Secondary Structure of Proteins

Secondary Structure Basics - The Local Folds

• Local, regular, repeating 3D arrangements of the polypeptide backbone.
• Stabilized mainly by hydrogen bonds between backbone C=O and N-H groups.
• Peptide Bond:
  • Planar & rigid (partial double bond character).
  • No rotation around C-N bond.
• Key Dihedral Angles:
  • Phi ($\phi$): Rotation around N-C$\alpha$ bond.
  • Psi ($\psi$): Rotation around C$\alpha$-C bond.
• Ramachandran Plot:
  • Maps sterically allowed ($\phi$, $\psi$) combinations.
  • Predicts stable conformations.

⭐ Hydrogen bonds between backbone amide (N-H) and carbonyl (C=O) groups are crucial for stabilizing secondary structures.

Alpha-Helix - Coiling Up Right

• Right-handed coiled polypeptide chain; most common regular secondary structure.
• Stabilized by intrachain H-bonds:
  • Between carbonyl O (residue $n$) & amide H (residue $n+4$).
• Key Parameters:
  • 3.6 residues per turn.
  • Pitch (axial distance/turn): 5.4 Å.
  • Rise per residue: 1.5 Å.
• Amino Acids:
  • Formers: Met, Ala, Leu, Glu, Lys (📌 Mnemonic: MALEK).
  • Breakers: Proline (causes kink, no N-H for H-bond), Glycine (too flexible).

⭐ Proline frequently disrupts alpha-helices because its ring structure creates a kink and it cannot form the necessary hydrogen bond.

Beta-Pleated Sheet - Folding Flat Out

• Composed of extended polypeptide segments called β-strands.
• Strands align laterally, forming a sheet; stabilized by inter-strand H-bonds (C=O···H-N).
• R-groups project alternately above and below the pleated sheet plane.
• Often rich in Glycine (Gly) & Alanine (Ala) due to small R-groups.

⭐ Silk fibroin is predominantly composed of anti-parallel β-pleated sheets, contributing to its strength and flexibility.

Turns & Loops - Connecting The Dots

• Connect α-helices & β-sheets; change chain direction abruptly.
• β-Turns (Reverse Turns):
  • Connect anti-parallel β-strands.
  • 4 amino acid residues. H-bond: CO (residue $i$) & NH (residue $i+3$).
  • Pro (pos 2) & Gly (pos 3) common. 📌 Pro-Gly "Turn Pair".
    • Pro: fixed φ angle for turn.
    • Gly: small, flexible.
  • Types I & II common.
• γ-Turns:
  • 3 amino acid residues. H-bond: CO (residue $i$) & NH (residue $i+2$).
• Loops:
  • Larger, less regular connecting segments.
  • Surface loops: interactions, recognition, active sites.
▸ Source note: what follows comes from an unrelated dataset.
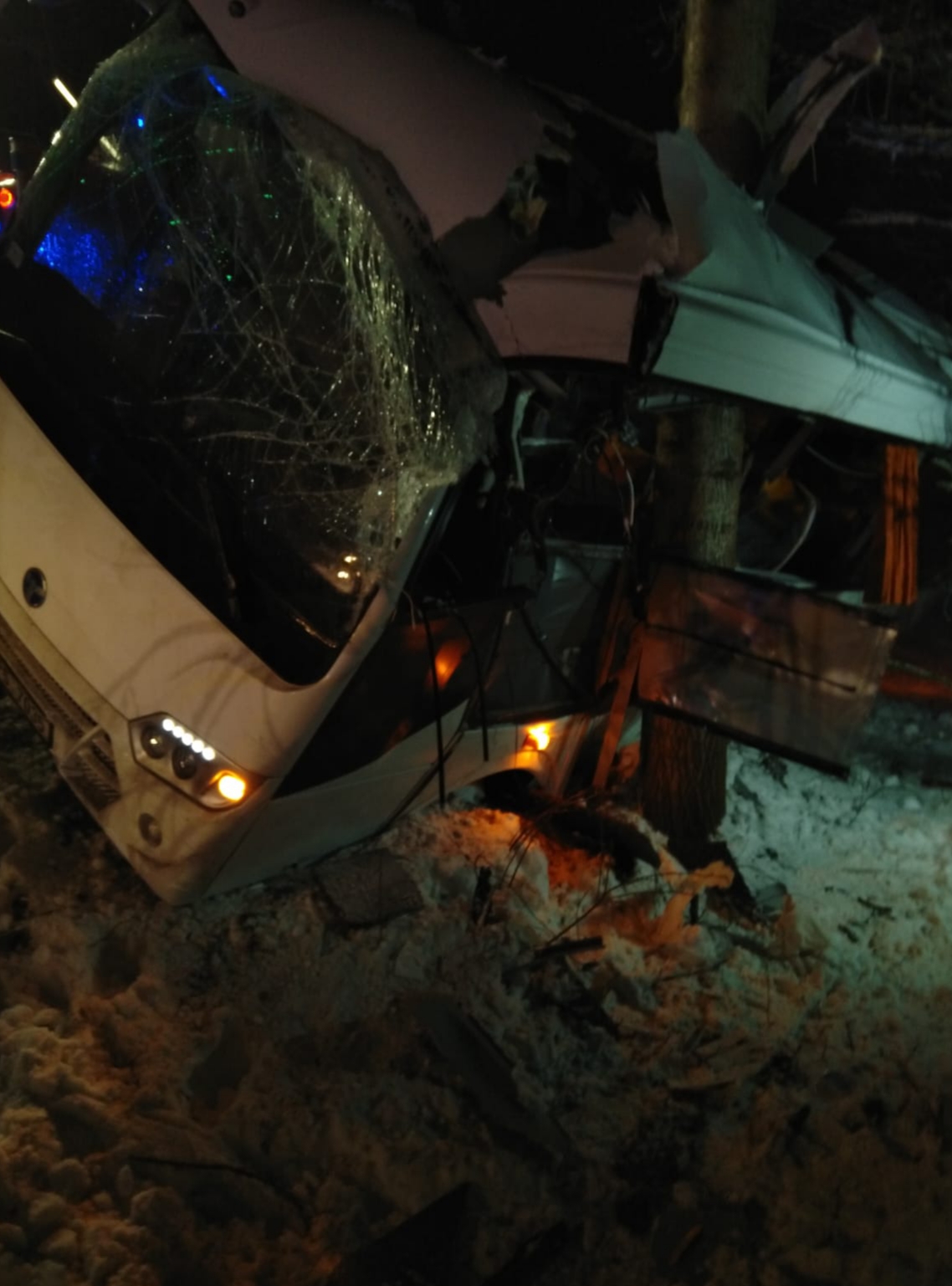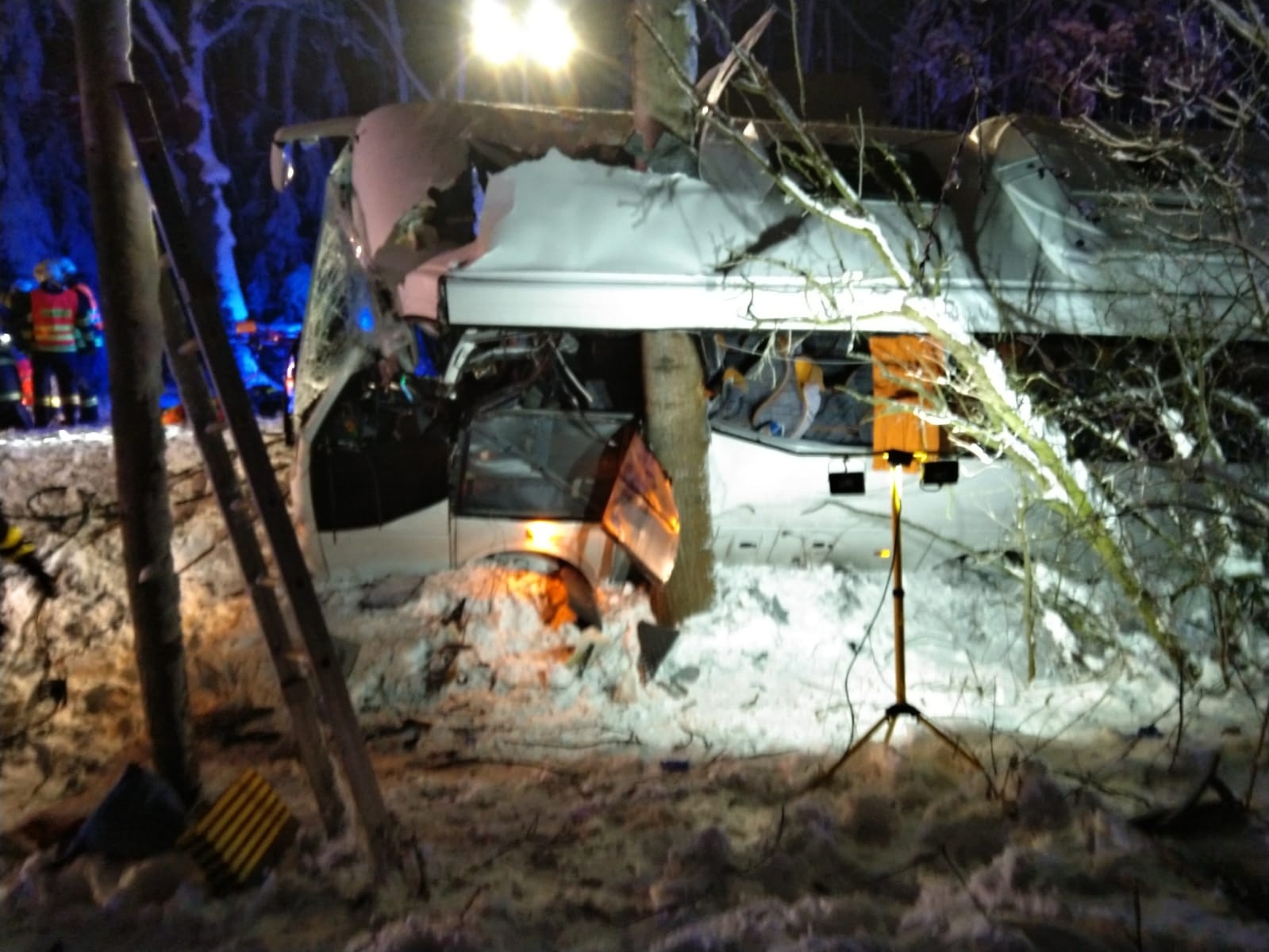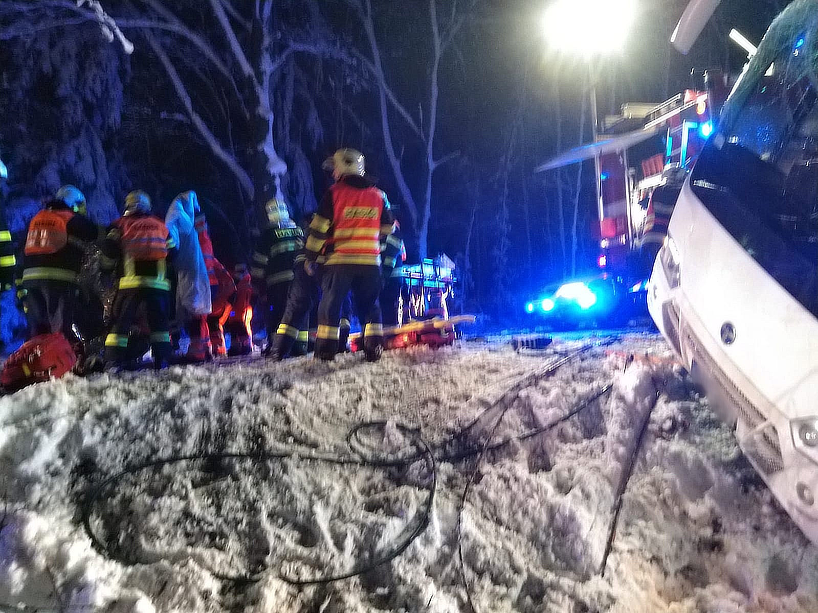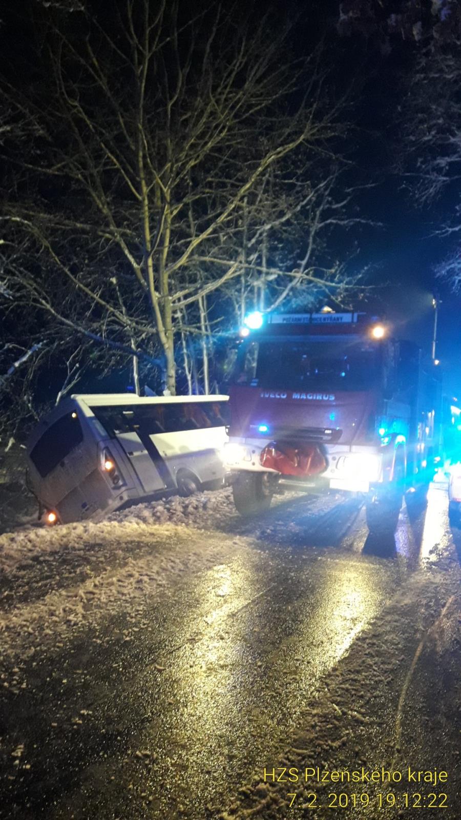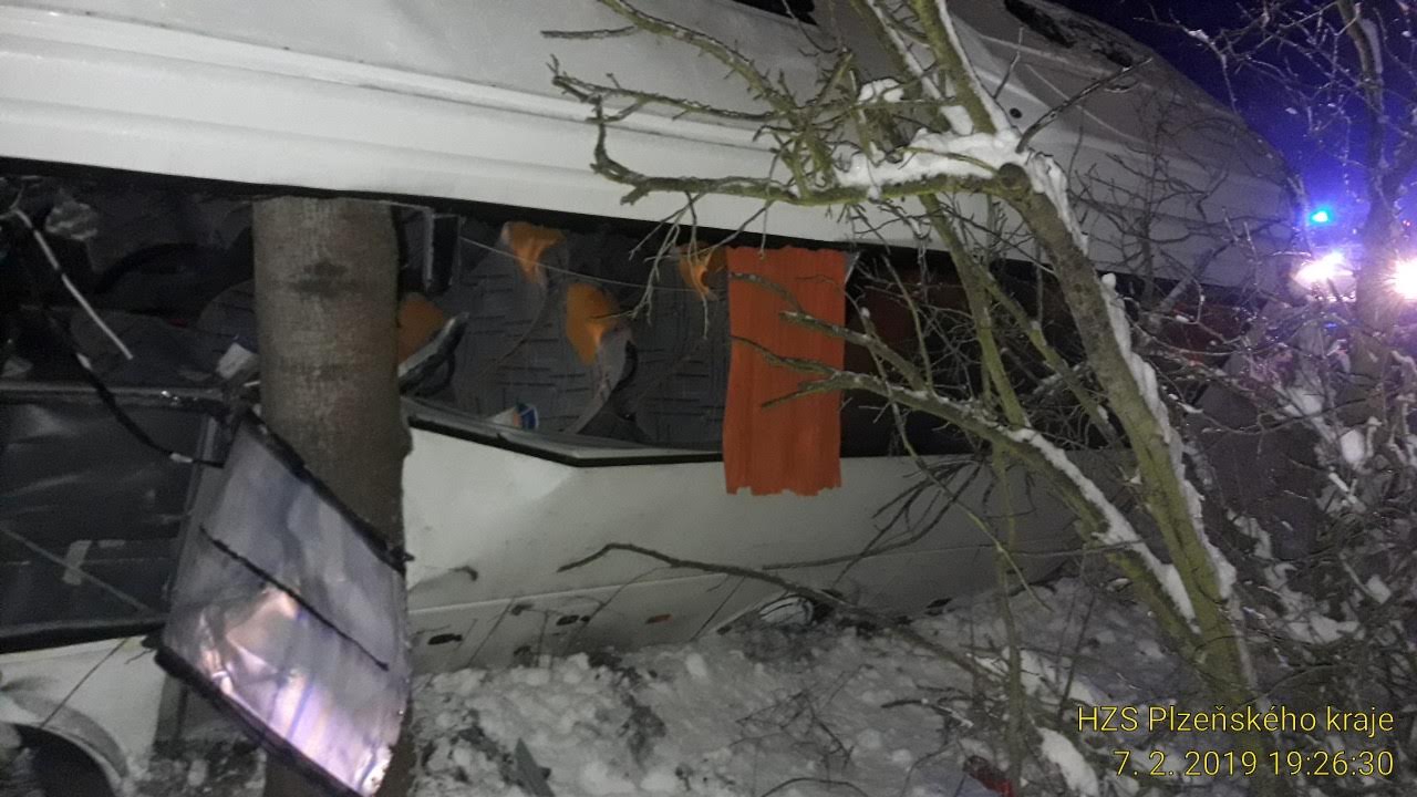 Autobus vyjel ze zatáčky a skončil v porostu vedle vozovky zaklíněn mezi stromy. Na místo události vyrazilo šest hasičských jednotek. Cestu k zásahu značně komplikovalo namrzající mrholení. Hasiči zjistili , že v autobusu cestovalo 17 osob různých národností, které pravidelně vozil do nedaleké průmyslové zóny, kde pracují.

  • ⭐ Pro & Gly: "helix breakers", but crucial "turn makers". oka

Motifs & Fibers - Building Blocks & Backbones

• Supersecondary Structures (Motifs): α-helix & β-sheet combinations.
  • βαβ unit: α-helix links two parallel β-strands.
  • β-hairpin: Antiparallel β-strands connected by a turn.
  • Greek key: Four antiparallel β-strands forming a pattern.
• Fibrous Proteins: Elongated, structural roles; repetitive sequences.
  • α-Keratin: Coiled-coil of two α-helices (hair, nails); Cys-rich (disulfide bonds).
  • Silk Fibroin: Stacked antiparallel β-sheets (silk); Ala/Gly-rich; flexible.
  • Collagen: Unique triple helix (Gly-X-Y repeats; X=Pro, Y=Hyp). 📌 Glycine every 3rd residue.

    ⭐ Collagen: most abundant animal protein. Vitamin C needed for Pro/Lys hydroxylation, vital for stability.

High‑Yield Points - ⚡ Biggest Takeaways

• α-helix & β-pleated sheet are key secondary structures.
• Stabilized mainly by hydrogen bonds within the peptide backbone.
• α-helix: Right-handed coil, 3.6 residues/turn; features intrachain H-bonds.
• Proline (helix kink) & Glycine (too flexible) act as helix breakers.
• β-sheet: Comprises β-strands (parallel/antiparallel); H-bonds are often interchain.
• β-turns (reverse turns) connect antiparallel β-sheet strands, frequently containing Proline & Glycine.
• Ramachandran plot visualizes allowed φ and ψ backbone dihedral angles.